I am learning How to control myself This world seems it's all about her This possessive thinking needs a limit I need to calm down I'm sure I get a big share of her heart and mind As big as her portion inside mine But we need to do some things for ourselves by ourself too With hope and prayer for each other Oh how sweet our life is In good times and bad times We are still sweet We are a perfect couple I will fight for this relationship I will move forward, I will improve I am doing it Trying hard to not disappoint her Because I will be the one who will suffer bigger disappointment I want to please her I want her to feel truly happy with me Always happy I know my fear I fear myself That other side of myself That dark self That confused self She is already helping me a lot It's my decision to keep up or go down I want to keep up To keep improving day by day To become stronger To become smarter To become more reliable Because she is strong Much stronger than me She is heavenly

Lau Debuk-Debuk

Went there with a group of 10 Surprise celebration of Nanda's birthday The hot spring is not as hot as the one we visited before We had fun anyway No trouble, no accident, no incident And all I think is her I wonder if I can proudly bring her there I wonder will it be enjoyable for her I wonder I believe Good things will happen on us No matter where we are No matter where we will be As long as we're together Aitai

Particles

We are just particles on earth I wonder If we will be remembered by someone The story of us Our struggle, our joy, our sorrow All I know is You and I are the particles which are attracted to each other

Aitai

This sense of belonging is growing more and more and more Will we be able to contain it?  Should we move a little slower? Shall I rush? It takes some more time before we can gather A day feels like a week Is it a blessing? Is it a torture? It's about how we control our mind It's about how we suggest each other It's about how we suggest ourselves I feel like I can't wait But I will wait I will wait and wait While moving forward In hope that every movement will be the right move Towards you So one day we will meet In our best shape possible When we are ready We are blessed by each other Aitai

A Partner

A partner is someone who  understands you or at least always trying to understand whatever the feeling is and is someone who you understand or at least you always try to understand whatever the feeling is is someone who want to care each other or at least always try to at least we try our best let the verdict tells what's best for us we will never have the ability to tell the future we have our present, now let's enjoy it now hoping our now will be our everyday your presence is a present for my present

Your Presence

Truly like a kind angel Soothing Cheering Is this heaven?

Sweet Sunday

Wow, we called for five hours and we still have many things to talk about in our mind. She showed me her pictures from high school. I like it when she tells me her stories about anything. She is the one.

Joy in Joy

The way you enjoy my existence It is so beautiful Thank you for being exist for me She showed my picture to her parents yesterday. I felt honored, I think for good and respectful women to introduce her partner to her family means that she is serious at some level. Today it happens that I cannot decide (again) about when should I go back to Medan. She understands me. She loves me. While I'm hating myself. I love her more for that.
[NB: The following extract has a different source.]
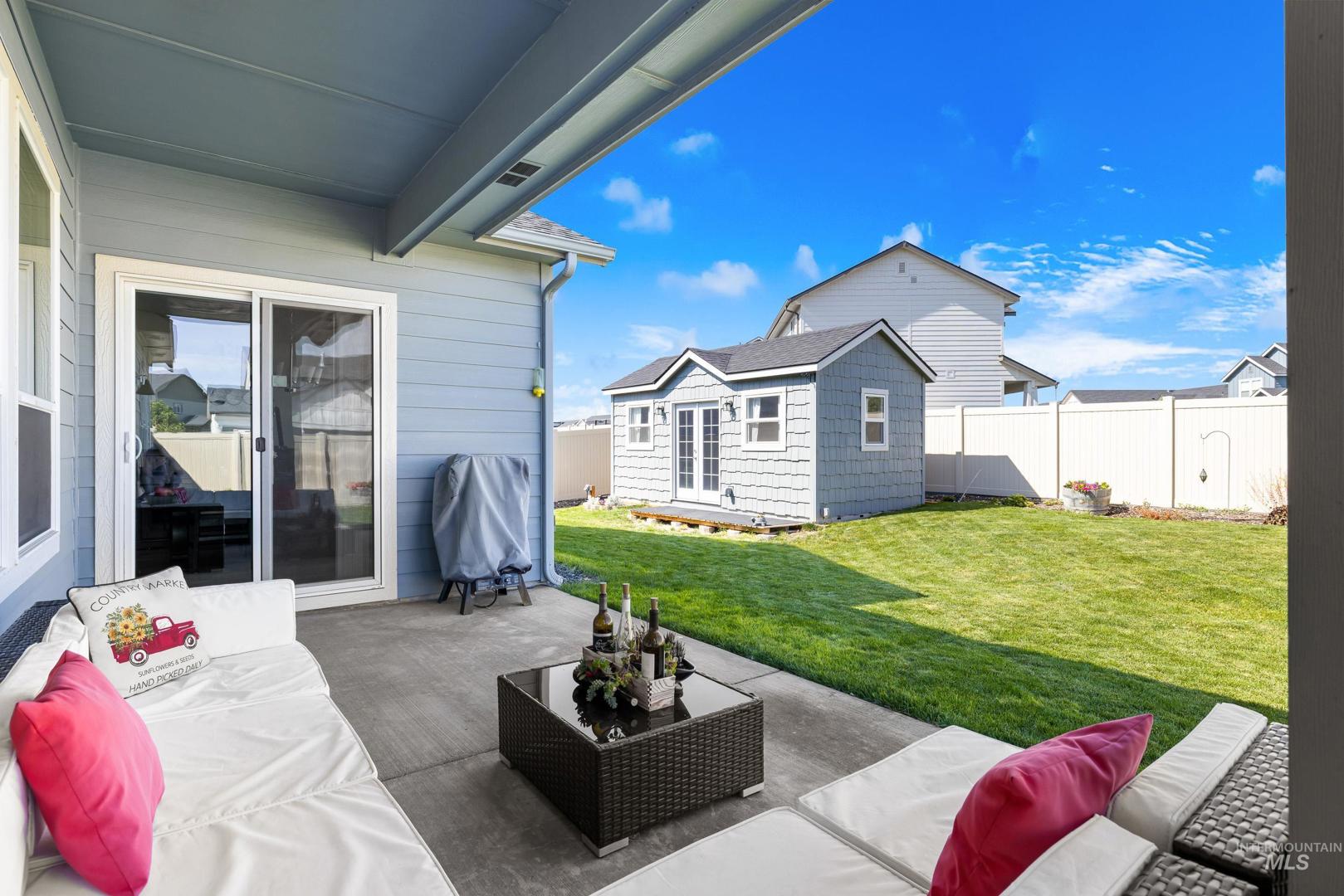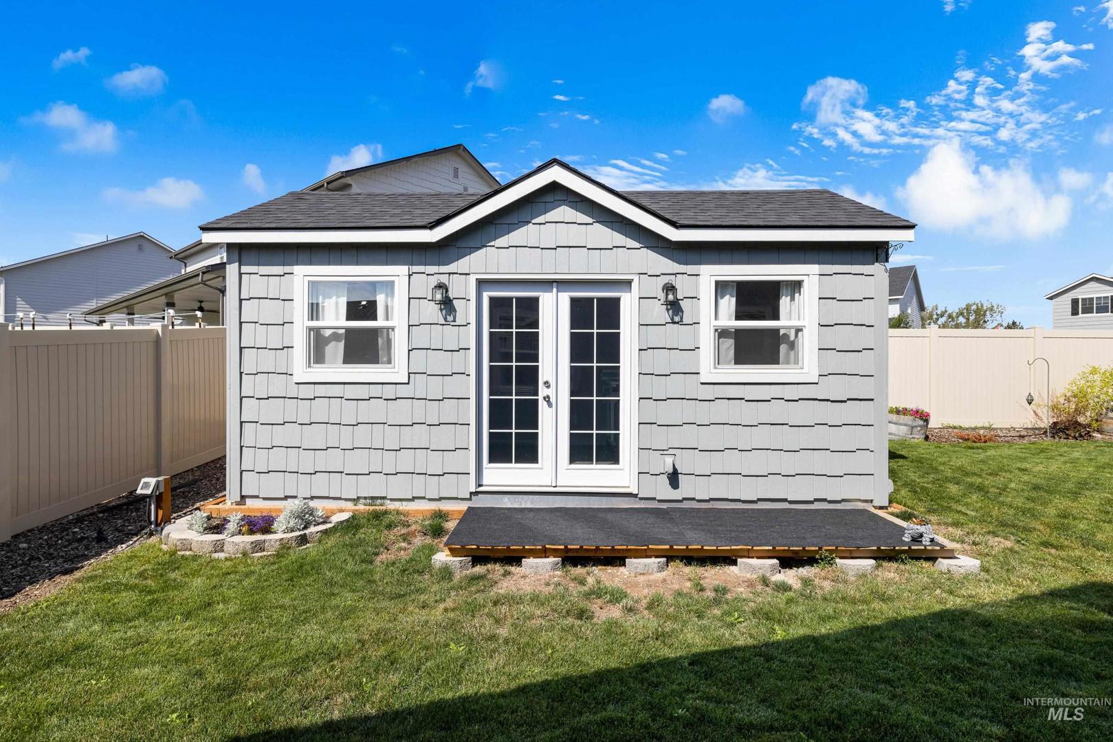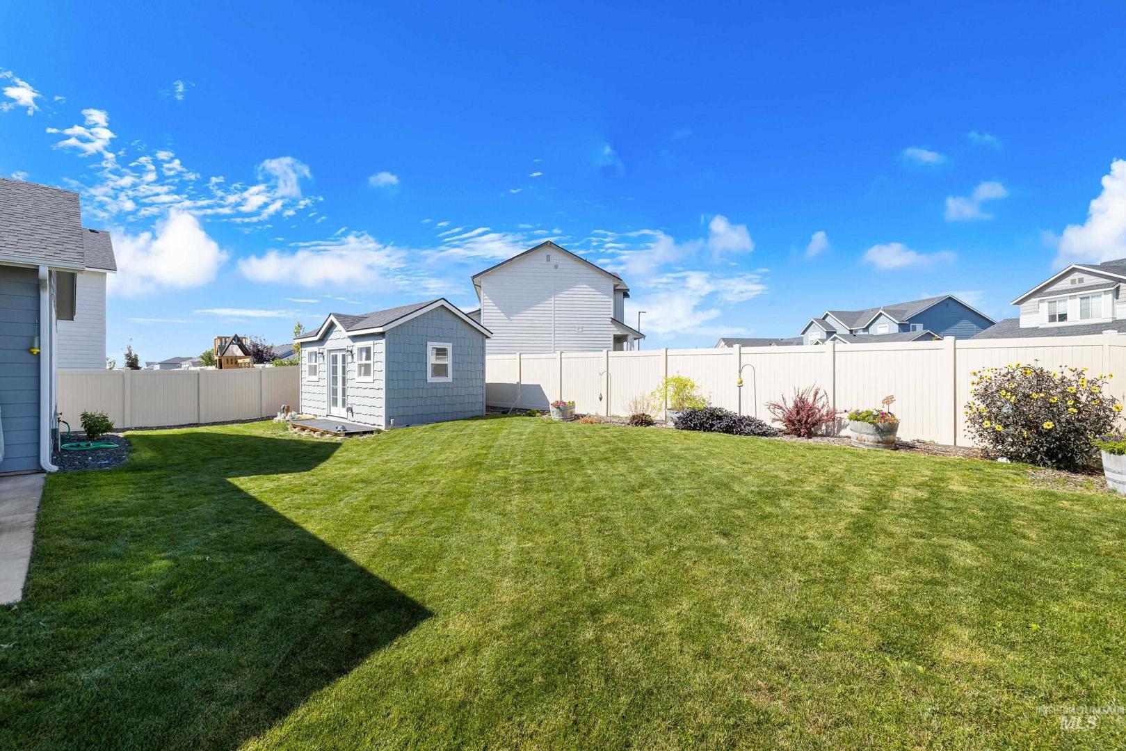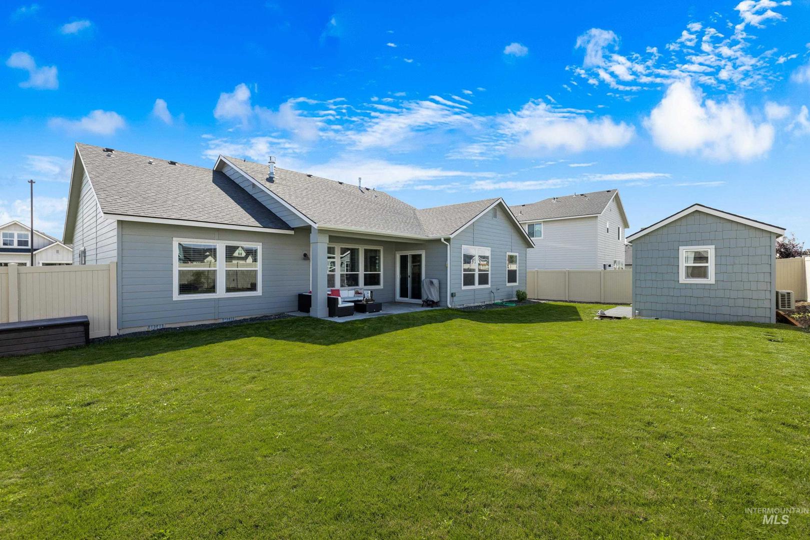Built in 2022 and still presenting like new, this single-level home offers a thoughtfully designed split floorplan that balances privacy and flow. The kitchen anchors the living space with sleek quartz countertops, ample storage, and an open layout that connects seamlessly to dining and gathering areas. A spacious three-car garage provides room for vehicles and hobbies, while a newly built 10x20 shed with full power, heating, and AC adds even more versatility—ideal as a workshop, office, or creative retreat. Positioned on a desirable corner lot, the property enjoys extra light and a sense of openness, complemented by a covered patio perfect for relaxing or entertaining year-round. Located just minutes from freeway access and downtown Meridian, you’ll find everyday convenience paired with modern comfort. Whether hosting friends, working from home, or enjoying a quiet evening, this residence offers a lifestyle that feels both elevated and easy.

She is just perfect.

Laughing

I wish I wrote every moment that I made her laugh.  Those are precious moments I want to cherish.

Being Extremely Happy

.. in love is exciting and terrifying at the same moment. Here are the toughts that wander around my mind: - I love her and always want to be with her - I love her and want her to be always happy whether it's with me or not, I'm ready to let her go anytime as long as it's for the better for her - I can't let her go because I don't think I can find another partner as lovable as her I think I just make myself confused. Anyway, I don't know what the future holds but I'm so grateful that I've met such a lovely person.

When She's Busy

First of all I'm thinking of writing in a more detailed description such as writing names and stuff. Not sure yet. Recently she has started doing her daily activities such as studying and working, while I haven't. I miss her but I know it's for the better, and she also tells me that she is also missing me, so it feels much better. I love that her words can easily convert my negative thoughts into positive. I love her more and more each day, there's no end to that. We are not perfect, but she is perfect for me.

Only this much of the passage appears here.